The FWM process sets up a ‘coherence’ in the atomic vapor which can be perturbed using an external optical (switching) field. This perturbation causes a change in the transmission of a signal field participating in the FWM process. Our group has demonstrated all-optical modulation at bandwidths exceeding 300 MHz with a switching energy corresponding to only 23 photons per atomic cross-section [Opt. Lett. 35, 2287-2289 (2010)].

Noise-free frequency translation of optical fields has potential applications in quantum information processing, quantum memories, and high-speed signal processing. Bragg scattering by FWM is a promising way to manipulate the frequency of photonic quantum states without adding noise. Our group showed that by interacting the light with warm Rb vapor confined to a hollow-core fiber, we can achieve 21% conversion efficiency with pump powers of only 300 microwatt. [Opt.

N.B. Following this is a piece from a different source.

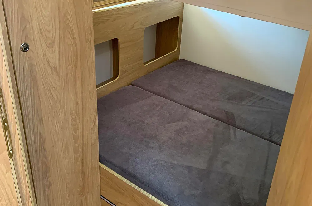 19. Rozdzielana przegroda pomiędzy dwoma kabinami rufowymi pozwala je połączyć, lub rozdzielić kiedy zachodzi taka potrzeba (świetne rozwiązania dla rodziców z dziećmi)

Lett. 39, 1557-1560 (2014)]. Furthermore, we have shown that using a similar Bragg scattering configuration, it is possible to convert photons between 1529 nm (telecom) and 795 nm (near-visible), linking low loss transmission band of standard optical fibers to the rubidium quantum memories. This is the largest conversion span reported from a third order nonlinear process [CLEO 2017, JTu5A.32].

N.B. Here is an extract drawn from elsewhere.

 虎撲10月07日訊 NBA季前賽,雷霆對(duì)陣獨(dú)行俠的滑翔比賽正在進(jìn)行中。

Spontaneous FWM in warm Rb vapor is a robust way to generate correlated photon pairs for Rb quantum memory based communication networks. Our group has demonstrated correlated photon generation using a diamond scheme in a warm Rb vapor cell, where pump wavelengths at 780 nm and 776 nm generate correlated photon pairs at 762 and 795 nm. We establish the non-classical nature of the generated photon pairs by showing a large violation of the Cauchy Schwarz inequality [CLEO 2016, FTu1C.7].

Two-photon absorption and all-optical modulation at a few photon level

Two-photon absorption (TPA) is the simultaneous absorption of either two photons from a single beam of light (degenerate) or two single photons from two beams (nondegenerate) and results in a resonant transition from the ground state to an excited state. Many interesting two photon processes and their applications, such as all-optical switching and generation of single photons, require a significant TPA at low power levels. We have demonstrated that TPA in rubidium atoms can be greatly enhanced by the use of a photonic-band-gap fiber. We have demonstrated 1% TPA with only 1mW using a degenerate scheme [Phys. Rev. A 83, 033833 (2011)]. Further using nondegenerate TPA we have demonstrated 25% all-optical modulation with <20 photons, i.e., a few attojoules of energy with a response time <5 ns [Phys. Rev. Lett. 107, 193902 (2011)].

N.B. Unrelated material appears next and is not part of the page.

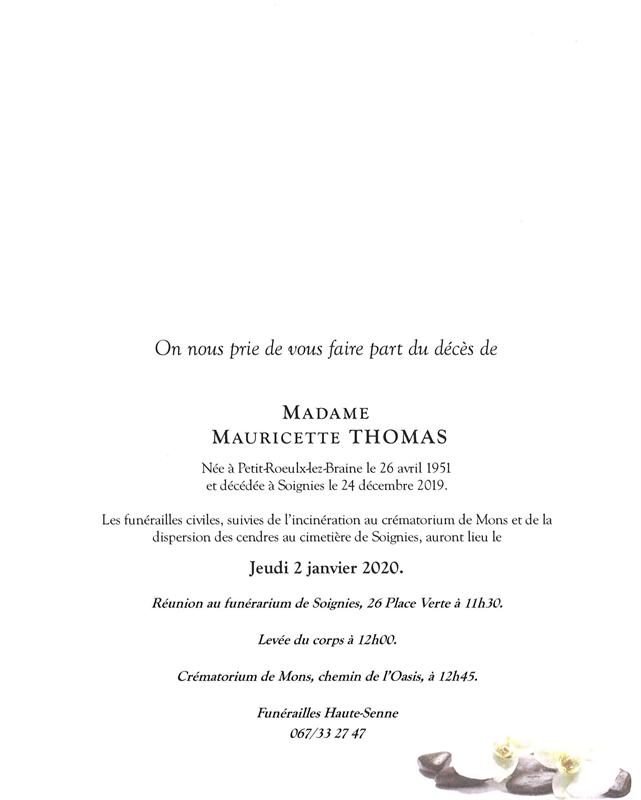 Décédée à Soignies (7060) le mardi 24 décembre 2019 à l'âge de 68 ans

Few-photon cross-phase modulation

The ability of a few-photon light field to impart an appreciable phase shift on another light field is critical for many quantum information applications. A recently proposed paradigm for quantum computation utilizes weak nonlinearities, where a strong field mediates such cross-phase shifts between single photons. Such a protocol promises to be feasible in terms of scalability to many qubits if a cross-phase shift of 10-5 to 10-2 radians per photon can be achieved. Using two-photon absorption in a rubidium filled PBGF we have demonstrated large cross-phase shifts of 0.3 mrad per photon with a fast response time (<5 ns), which represents, to our knowledge, the largest such nonlinear phase shift induced in a single pass through a room temperature medium [Nature Photon. 7, 138-141 (2012)].

Frequency comb generation in the near-visible regime

Silicon based third order parametric processes tend to have lower efficiency in the near-visible regime due to the challenge in dispersion engineering. Our group designed high Q silicon nitride ring resonators with dispersion parameters tailored for higher order modes. We demonstrated these devices can generate broad turning range correlated photon pairs matching varies heavily used atomic transitions. We also showed frequency comb generation spanning 45 THz [CLEO 2017, STu4J.5].